ACCIDENTE. El 27 de noviembre de 1983, a las 01’06 horas, un Boeing 747 de la compañía colombiana Avianca, procedente del aeropuerto Charles de Gaulle de París, se estrelló en Mejorada del Campo, a 29 kilómetros de Madrid, cuando se disponía a aterrizar en el aeropuerto de Barajas para, más tarde, continuar camino hasta Bogotá.
La aeronave, con el tren de aterrizaje ya desplegado, volaba en ese momento a 239 kilómetros por hora y sufrió tres impactos contra el suelo, el tercero de los cuales provocó un incendio instantáneo y decisivo. Fallecieron 181 personas y sobrevivieron once. El capitán llevaba 35 años empleado en Avianca y tenía más de 22.000 horas de vuelo.
Un minucioso informe dictaminó que tanto él como la tripulación de cabina cometieron errores en el último tramo del vuelo y en su aproximación al aeropuerto madrileño. Los fallecidos tenían 28 nacionalidades distintas. Junto a la reputada pianista barcelonesa Rosa Sabater, murieron cuatro muy relevantes escritores latinoamericanos de cuatro países distintos: el crítico uruguayo Ángel Rama; su esposa, la escritora argentina Marta Traba; el poeta y novelista peruano Manuel Scorza y el dramaturgo y novelista mexicano Jorge Ibargüengoitia.
Ibargüengoitia provoca la risa sin dificultad y no deja títere con cabeza
Todos ellos se dirigían a Bogotá, convocados por Gabriel García Márquez, para participar en el Primer Encuentro de Cultura Hispanoamericana. Se supo después que tanto Rama como Ibargüengoitia habían tomado la decisión de no acudir a ese encuentro, pero en el último momento cambiaron de opinión.
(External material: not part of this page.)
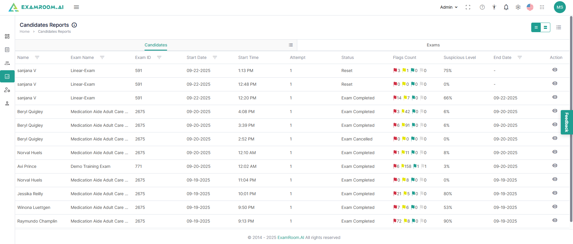 Here, for example, a candidate is shown attending the exam, where you can see the live feed of the candidate attending the exam.
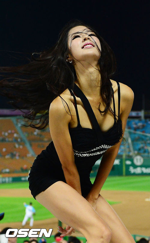 27일 오후 부산 사직구장에서 열린 2013 한국야쿠르트 세븐프로야구 롯데 자이언츠와 NC 다이노스의 경기, 롯데 치어리더 박기량이 화려한 공연을 펼치고 있다.

ASESINATOS. Jorge Ibargüengoitia (1928-1983) se convirtió en uno de mis escritores favoritos desde que leí Las muertas (1977), basada en un hecho real, la abracadabrante y negrísima historia de dos hermanas propietarias de tres burdeles y responsables de los asesinatos de varias prostitutas. Ahí desplegó Ibargüengoitia, como siempre haría, un brutal retrato social y político, servido con una prosa riquísima y precisa y sazonado en cada línea con un humor que, sin renunciar a la fina ironía, recorre todos los implacables registros de la parodia, la sátira, la farsa y el sarcasmo.
[Vargas Llosa se despide de ustedes]
Ibargüengoitia provoca la risa sin dificultad y, emparentado con la estética deformante del esperpento y con el sardonismo británico, no deja títere con cabeza. Este mismo verano, y en busca de sus propiedades terapéuticas, volví a leer, como conté aquí mismo de corrido, Los pasos de López (1982), feroz charlotada sobre un atrabiliario grupo de conspiradores durante un episodio de la Guerra de la Independencia mexicana.
Bisnieto por parte de madre de un importante político y militar, Ibargüengoitia ya les sacudió duro a los militares en su primera novela, Los relámpagos de agosto (1964), ambientada en el México revolucionario. Tener tan poco miramiento con los héroes y con los hitos fundacionales de la nación, le costó a Ibargüengoitia el rechazo de ciertos círculos de su país, pero siempre tuvo el favor de los lectores, sensibles a su humor desenfrenado, pero muy elaborado, humor que motivó el desdén de algunos críticos y colegas circunspectos. Ibargüengoitia dijo: “Quien creyó que todo lo que dije fue en serio, es un cándido, y quien creyó que todo fue en broma, es un imbécil”.
ARTÍCULOS. Ni cándidos ni imbéciles, Juan Villoro y Javier Marías lo admiraron sin restricciones. El primero prologó e hizo la edición de Revolución en el jardín (2008), una amplia y divertida selección de artículos de Ibargüengotia que el segundo publicó en su editorial Reino de Redonda.
Desentendido del teatro, porque las cosas no le salieron como él esperaba, Ibargüengoitia, apoyado en su última etapa por Octavio Paz, fue un sagaz croniqueur y un afiladísimo observador de lo cotidiano, con una malicia heredada, venía a decir él, de sus tías. En el citado prólogo, Juan Villoro señala que Ibargüengoitia recurrió en sus escritos a “la ética del disparate” y a “la risa como tribunal supremo de la inteligencia”. Pas mal.